> _INSTRUCTIONS TO FOLLOW_: Set the listing down again in full, word for word, with the pictures left out.

> _EXTRACTED RECORDS_:
------

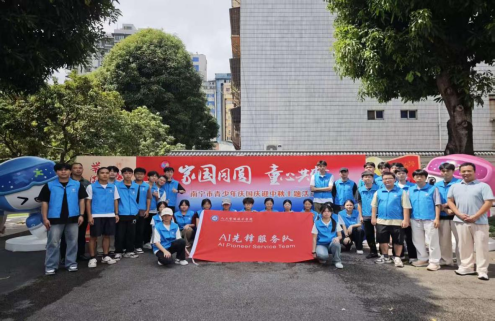 2025年9月27日,由南宁市青少年活动中心主办,以“家国同圆 童心共梦”为主题的庆国庆迎中秋主题活动在南宁市青少年活动中心明秀宫红领巾广场举行。由罗永杰老师负责组织带领30名青年志愿者参与到活动的志愿服务当中,本次志愿服务活动得到了张泽民大师工作室的大力支持。志愿者们以饱满的热情和专业的服务,助力南宁市青少年庆国庆迎中秋主题活动取得圆满成功。
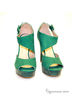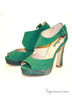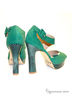 Стильные туфли от Klimini. Модель исполнена из нубука изумрудного цвета с интересной обтяжкой под змею.Тонкий фиксирующий ремешок через подъем дополнен небольшой пряжкой-застежкой.Материал подкладки - натуральная кожа. Высота каблука ок. 12 см.,высота плато ок.2.5 см.Подошва:тунит.Рекомендуем подбирать обувь больше на размер.Произведено в Бразилии.
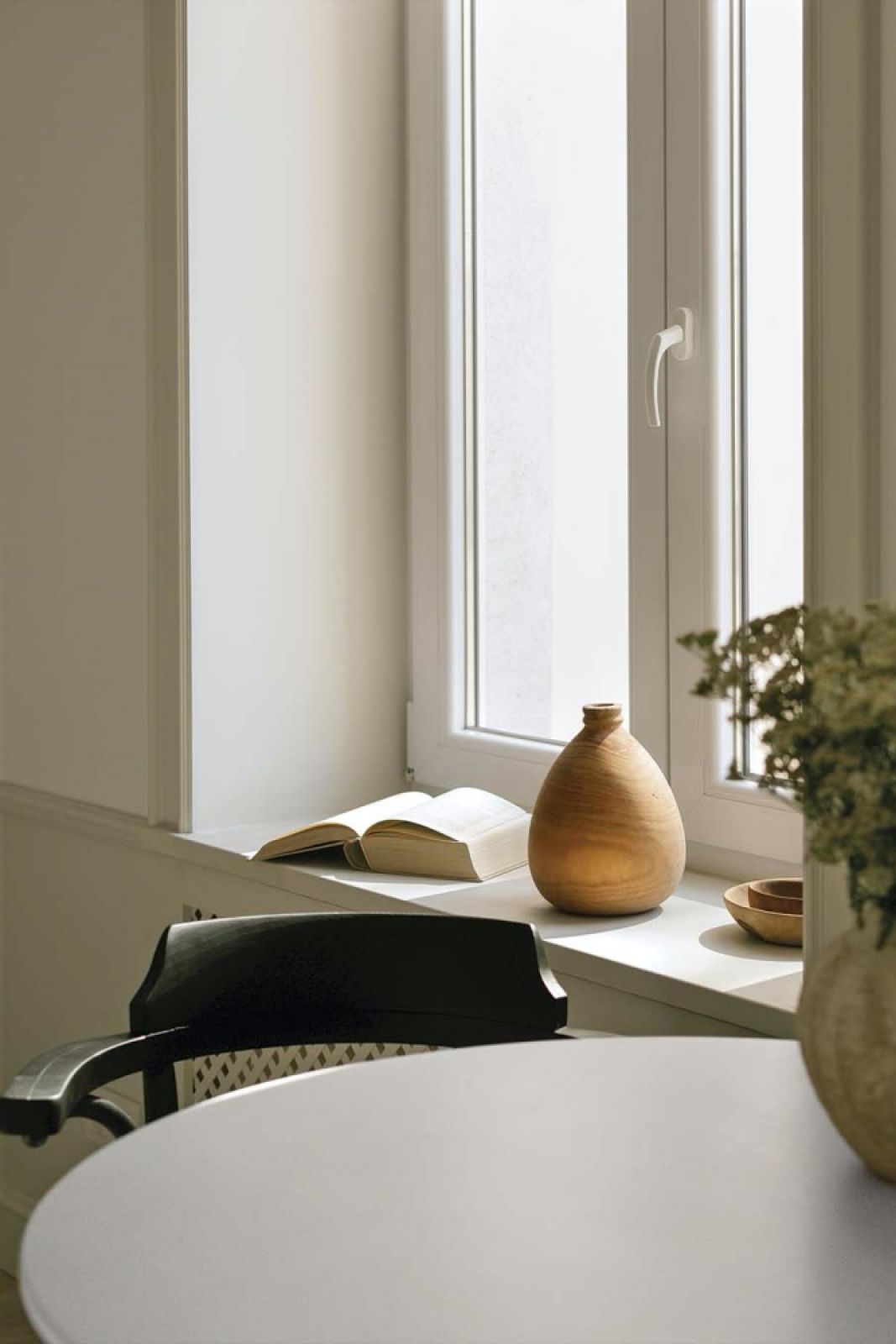 Pod szerokimi parapetami, charakterystycznymi dla kamienic, znajdują się zwyczajne grzejniki. Architektka postanowiła je ukryć za dekoracyjną drewnianą kratką – to pomysł zaczerpnięty z angielskich domów, a przy okazji bardzo ekonomiczne rozwiązanie, które pozwoliło uniknąć kosztów wymiany kaloryferów na designerskie i pasujące do nowego wnętrza.
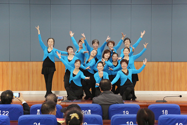 从静态的服饰仪表,到动态的一颦一笑,一场不输青春时尚秀场的中老年时装走秀向观众展示了娴熟的表演技巧和成熟优雅的风采;伸臂、扭腰、转手腕,舞姿精彩纷呈,节奏欢快的广场舞引起全场欢呼喝彩;小组合唱带来的“茉莉花”、“回娘家”、“没有共产党就没有新中国”给大家呈献了一场精彩的视觉盛宴,展现了新时期老同志们健康向上的精神风貌。
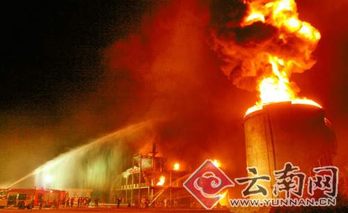 現(xiàn)場指揮部立即調動昆明、普洱、保山、西雙版納、麗江5地特勤部隊5輛戰(zhàn)斗車31名特勤隊員,對化工廠職工宿舍火災進行撲救。伴隨著呼嘯的警笛聲,消防照明車豎起照明燈,將起火的職工宿舍照的如同白晝。
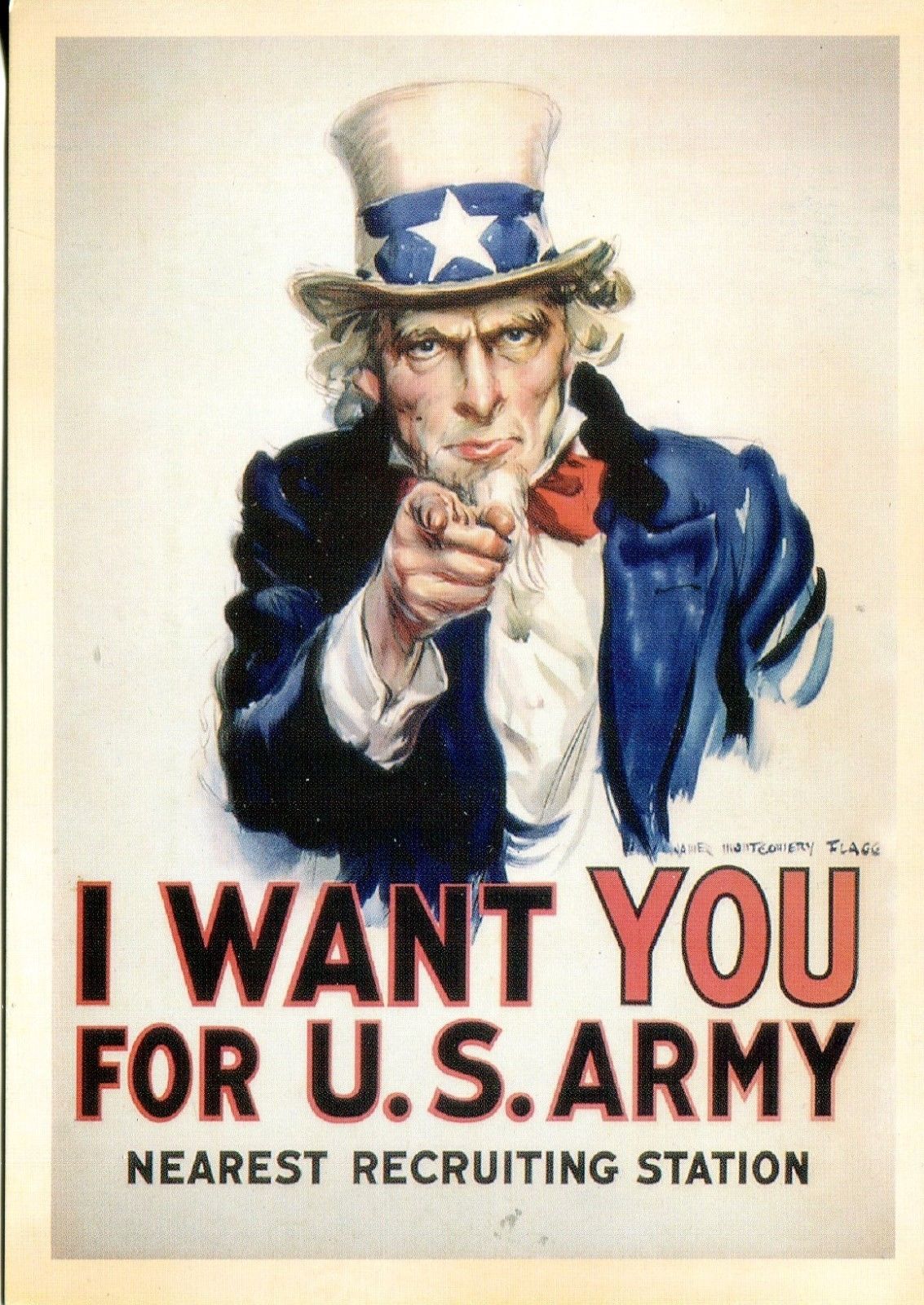 POST CARD WITH WORLD WAR II POSTER UNCLE SAM POINTING I WANT YOU FOR U.S. ARMY
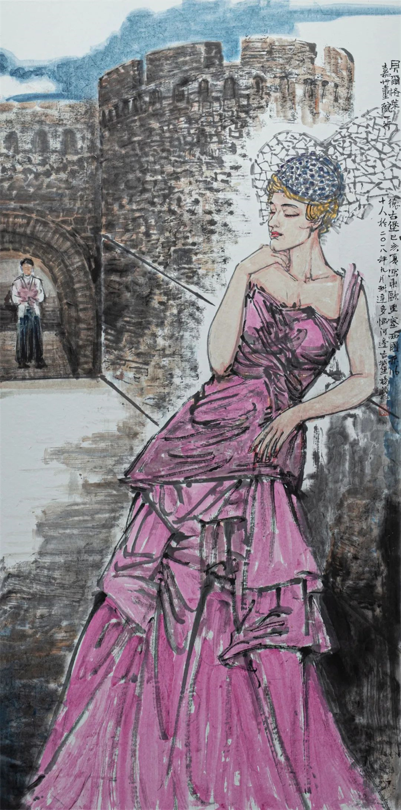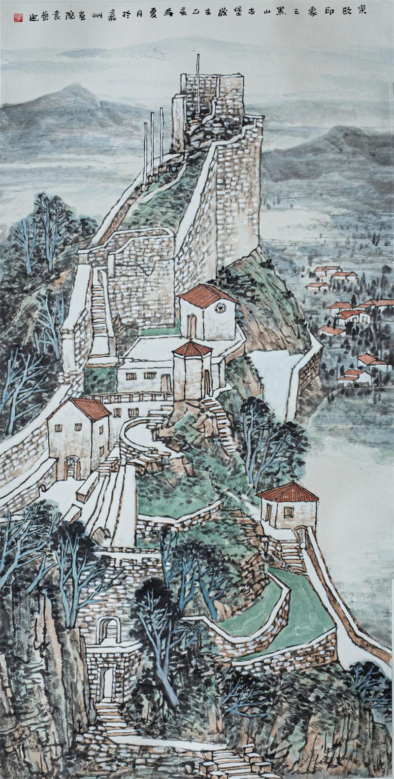 杨循 《贝尔格莱德古堡》中国画 136cm×68cm
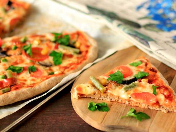 Делал с зимней заготовкой, соте из баклажанов и кабачков с помидорами. Мука не высшего сорта, а цельно-зерновая.
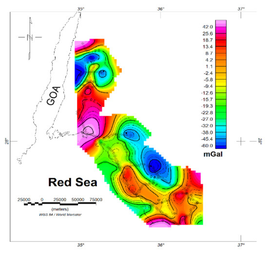 The gravity data were processed by applying the most common corrections (e.g., tidal, instrument drift, latitude, free air, and Bouguer corrections). After removing the regional trend [43,44] from within the gravity data, the residual Bouguer anomaly map was displayed (Figure 3). It showed that the average anomaly values ranged from −60 to 42 mGal. Low- and high-gravity anomalies matched well with the surface geology.
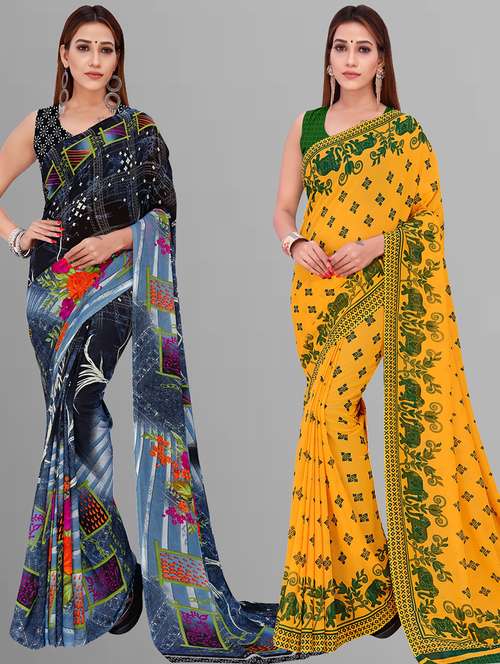 pack of 2 casual wear combo sarees with blouse - 21444828 - Very Small Image - 1
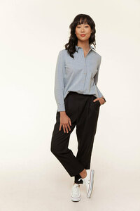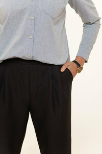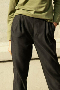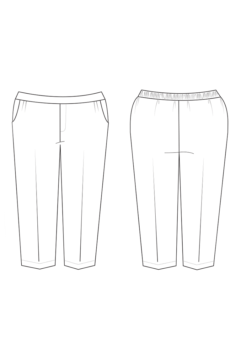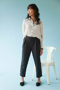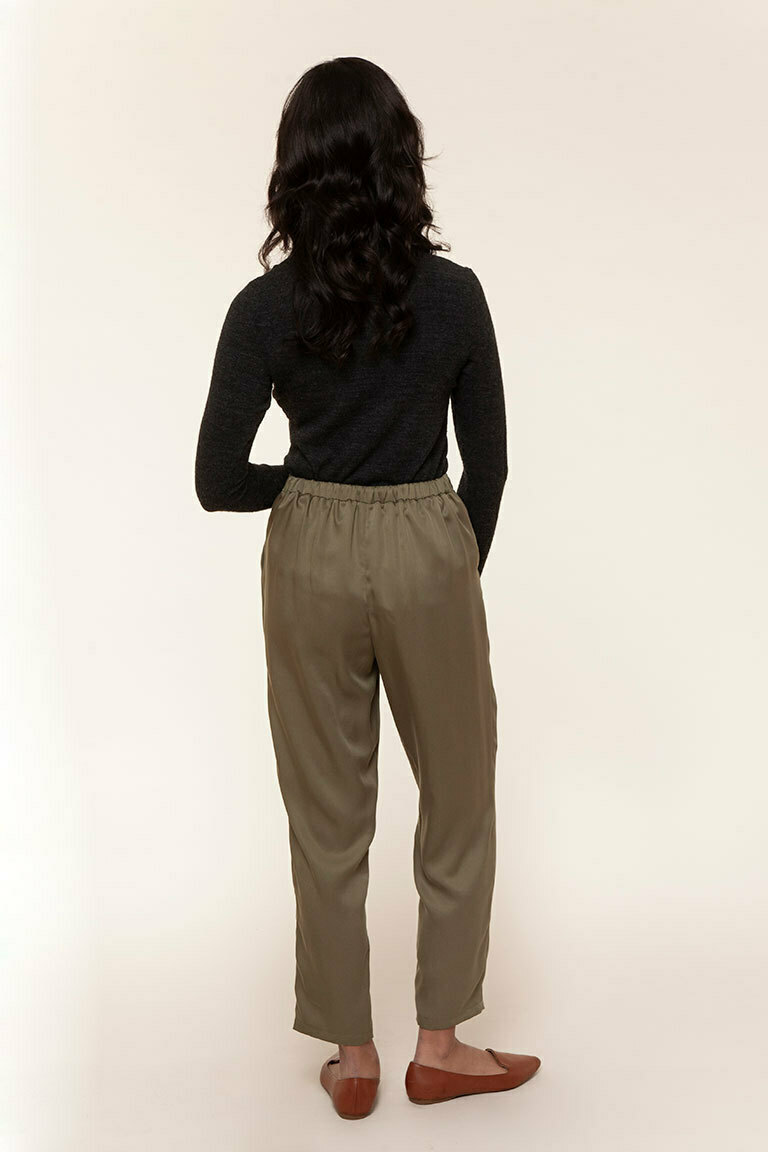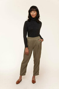 The Channing pants are a modern, relaxed wardrobe staple, perfect for your favorite woven fabrics, from chino or linen to wool. Mid-rise with a tapered leg, they also feature front pleats, a faux fly, slash pockets, and a fitted waistband with elastic at the back. The hem sits right above the ankle.

------

> _EXERCISE ANSWER_:
 2025年9月27日,由南宁市青少年活动中心主办,以“家国同圆 童心共梦”为主题的庆国庆迎中秋主题活动在南宁市青少年活动中心明秀宫红领巾广场举行。由罗永杰老师负责组织带领30名青年志愿者参与到活动的志愿服务当中,本次志愿服务活动得到了张泽民大师工作室的大力支持。志愿者们以饱满的热情和专业的服务,助力南宁市青少年庆国庆迎中秋主题活动取得圆满成功。
 Стильные туфли от Klimini. Модель исполнена из нубука изумрудного цвета с интересной обтяжкой под змею.Тонкий фиксирующий ремешок через подъем дополнен небольшой пряжкой-застежкой.Материал подкладки - натуральная кожа. Высота каблука ок. 12 см.,высота плато ок.2.5 см.Подошва:тунит.Рекомендуем подбирать обувь больше на размер.Произведено в Бразилии.
 Pod szerokimi parapetami, charakterystycznymi dla kamienic, znajdują się zwyczajne grzejniki. Architektka postanowiła je ukryć za dekoracyjną drewnianą kratką – to pomysł zaczerpnięty z angielskich domów, a przy okazji bardzo ekonomiczne rozwiązanie, które pozwoliło uniknąć kosztów wymiany kaloryferów na designerskie i pasujące do nowego wnętrza.
 从静态的服饰仪表,到动态的一颦一笑,一场不输青春时尚秀场的中老年时装走秀向观众展示了娴熟的表演技巧和成熟优雅的风采;伸臂、扭腰、转手腕,舞姿精彩纷呈,节奏欢快的广场舞引起全场欢呼喝彩;小组合唱带来的“茉莉花”、“回娘家”、“没有共产党就没有新中国”给大家呈献了一场精彩的视觉盛宴,展现了新时期老同志们健康向上的精神风貌。
 現(xiàn)場指揮部立即調動昆明、普洱、保山、西雙版納、麗江5地特勤部隊5輛戰(zhàn)斗車31名特勤隊員,對化工廠職工宿舍火災進行撲救。伴隨著呼嘯的警笛聲,消防照明車豎起照明燈,將起火的職工宿舍照的如同白晝。
 POST CARD WITH WORLD WAR II POSTER UNCLE SAM POINTING I WANT YOU FOR U.S. ARMY
 杨循 《贝尔格莱德古堡》中国画 136cm×68cm
 Делал с зимней заготовкой, соте из баклажанов и кабачков с помидорами. Мука не высшего сорта, а цельно-зерновая.
 The gravity data were processed by applying the most common corrections (e.g., tidal, instrument drift, latitude, free air, and Bouguer corrections). After removing the regional trend [43,44] from within the gravity data, the residual Bouguer anomaly map was displayed (Figure 3). It showed that the average anomaly values ranged from −60 to 42 mGal. Low- and high-gravity anomalies matched well with the surface geology.
 pack of 2 casual wear combo sarees with blouse - 21444828 - Very Small Image - 1
 The Channing pants are a modern, relaxed wardrobe staple, perfect for your favorite woven fabrics, from chino or linen to wool. Mid-rise with a tapered leg, they also feature front pleats, a faux fly, slash pockets, and a fitted waistband with elastic at the back. The hem sits right above the ankle.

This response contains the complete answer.